For reference, here's /etc/resolv.conf from inside the pod:
[root@compute-0 /]# cat /etc/resolv.conf
nameserver 10.96.0.10
search openstack.svc.cluster.local svc.cluster.local cluster.local
options ndots:5

Looking at the nova code, it uses hostname (instance.host) without any configurable optionality:
nova/virt/libvirt/driver.py:
    def pre_live_migration(self, context, instance, block_device_info,
                           network_info, disk_info, migrate_data):
        ...
            if not is_shared_block_storage:
                # Ensure images and backing files are present.
                LOG.debug('Checking to make sure images and backing files are '
                          'present before live migration.', instance=instance)
                self._create_images_and_backing(
                    context, instance, instance_dir, disk_info,
                    fallback_from_host=instance.host)
                if (configdrive.required_by(instance) and
                        CONF.config_drive_format == 'iso9660'):
                    # NOTE(pkoniszewski): Due to a bug in libvirt iso config
                    # drive needs to be copied to destination prior to
                    # migration when instance path is not shared and block
                    # storage is not shared. Files that are already present
                    # on destination are excluded from a list of files that
                    # need to be copied to destination. If we don't do that
                    # live migration will fail on copying iso config drive to
                    # destination and writing to read-only device.
                    # Please see bug/1246201 for more details.
                    src = "%s:%s/disk.config" % (instance.host, instance_dir)
                    self._remotefs.copy_file(src, instance_dir)

In stx-nova based on pike, we had hooked this to convert hostname to hostname-infra to ensure we used the correct network:
                if (configdrive.required_by(instance) and
                        CONF.config_drive_format == 'iso9660'):
                    # NOTE(pkoniszewski): Due to a bug in libvirt iso config
                    # drive needs to be copied to destination prior to
                    # migration when instance path is not shared and block
                    # storage is not shared. Files that are already present
                    # on destination are excluded from a list of files that
                    # need to be copied to destination.
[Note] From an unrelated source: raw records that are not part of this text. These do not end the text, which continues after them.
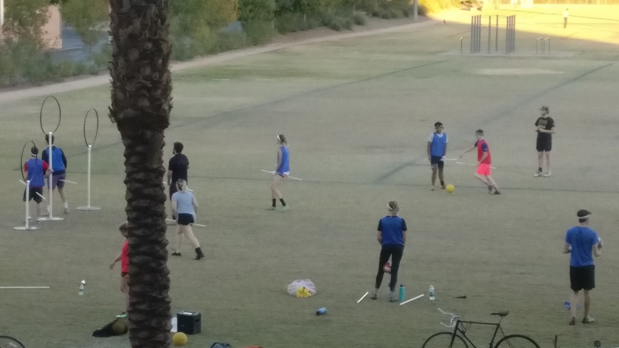 Frisbee is a fascinating game in the USA. It’s easy to learn but challenging to play. You pass the frisbee from one team member to another and try to reach the goal post. One catch, you can’t move when you have the frisbee. A pass is complete when your teammate successfully catches the frisbee without it touching the ground first, and if not, then the other team gets the frisbee. It gets cold (around 17-degree Celsius) after 07:00 PM. Some sports activities are the need to of the hour for a fit and healthy body. The SDFC Intramural Ground, which is next to the McCord Hall, is occupied with sports activities during the evening. People play cricket, Football(Soccer), and even Quidditch (Can’t believe, see the below proof).
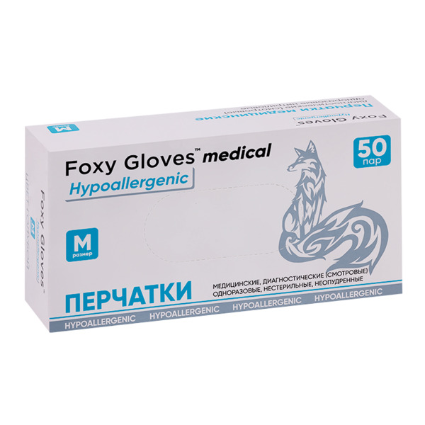 Перчатки Foxy Gloves диагностич нитрил/нестер/неопудр пара р М, 50 шт, голубые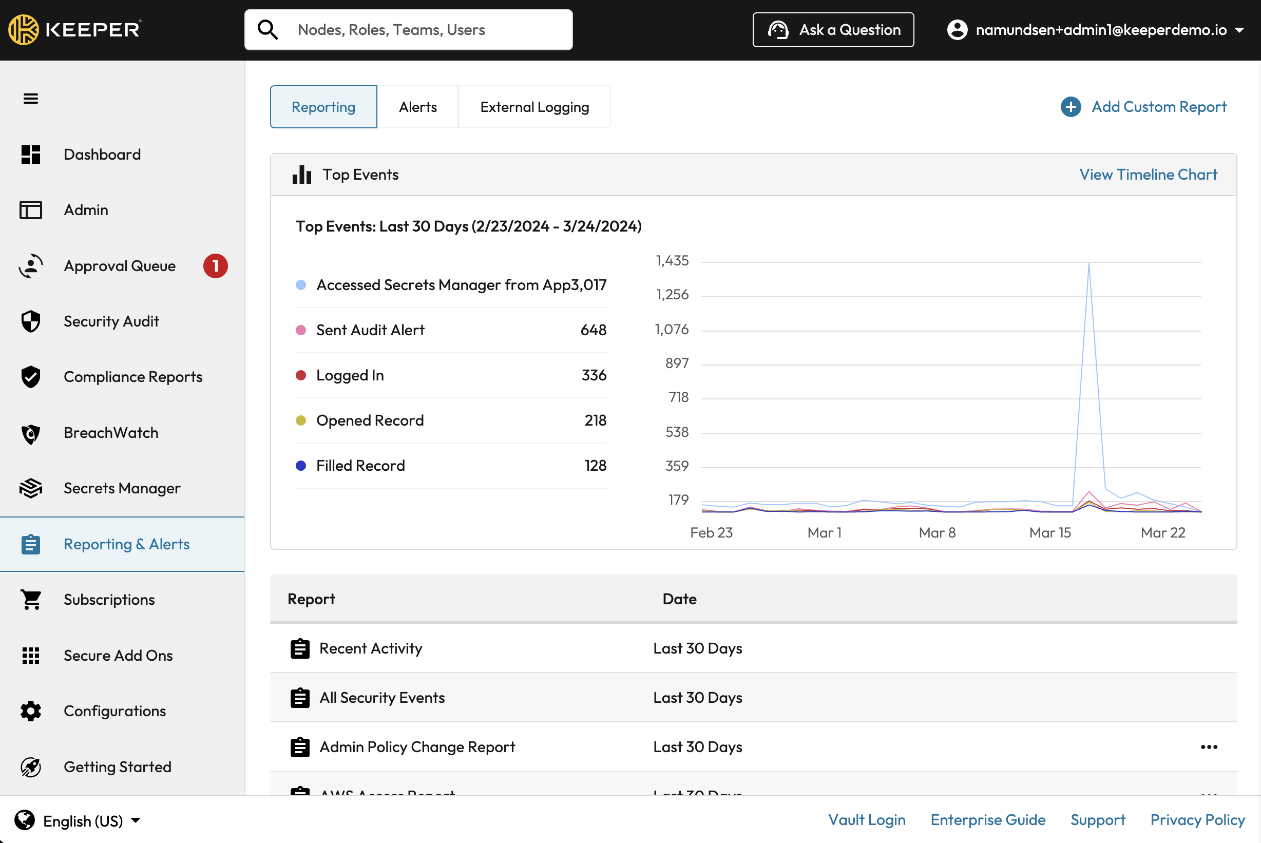 By default, Keeper does not send BreachWatch event data from the user's device to connected SIEM and Advanced Reporting & Alerts reporting tools. The Keeper Admin must explicitly enable this feature. After it's enabled, the event data will begin to flow through to the Advanced Reporting engine and connected SIEM systems such as Splunk.

If we don't do that
                    # live migration will fail on copying iso config drive to
                    # destination and writing to read-only device.
                    # Please see bug/1246201 for more details.
                    src = "%s:%s/disk.config" % (
                        utils.safe_ip_format(instance.host),
                        instance_dir)
                    self._remotefs.copy_file(src, instance_dir)

nova/utils:
def safe_ip_format(ip):
    """Transform ip string to "safe" format.

Will return ipv4 addresses unchanged, but will nest ipv6 addresses
    inside square brackets.
    """
    try:
        if netaddr.IPAddress(ip).version == 6:
            return '[%s]' % ip
    except (TypeError, netaddr.AddrFormatError):  # hostname
        # In TiC, we set up ssh keys for passwordless ssh between
        # computes. If we have an infra interface present, the keys
        # will be associated with that interface rather than the
        # mgmt interface. We also always provide hostname
        # resolution for the mgmt interface (compute-n) and the
        # infra interface (compute-n-infra) irrespective of the
        # infra interface actually being provisioned. By ensuring
        # that we use the infra interface hostname we guarantee we
        # will align with the ssh keys.
        if '-infra' not in ip:
            return '%s-infra' % ip
        pass
    # it's IPv4 or hostname
    return ip

So assuming we want to support live migration of VMs with config drives, we'll need to fix hostname resolution inside nova pods and figure out a way for it to resolve to the cluster-host network instead of management network as the ssh keys are setup for cluster-host network only.

Alternately, we would have to add configurability to nova to allow us to program the ip address we want as is currently done for live and cold migration via options live_migration_inbound_addr and my_ip, respectively.

Ghada Khalil (gkhalil) on 2019-04-09

tags:

added: stx.retestneeded

Revision history for this message

Wendy Mitchell (wmitchellwr) wrote on 2019-05-13:

#5

still failing in regression on load 20190508T013000Z
@ [2019-05-11 17:39:17,336] 'system host-lock compute-0'
@[ 2019-05-11 17:39:23,884]Send 'system host-show compute-0'
vim_progress_status | Migrate of instance tenant2-config_drive-1 from host compute-0 failed.

Frank Miller (sensfan22) on 2019-06-18

Changed in starlingx:
assignee:	Frank Miller (sensfan22) → Gerry Kopec (gerry-kopec)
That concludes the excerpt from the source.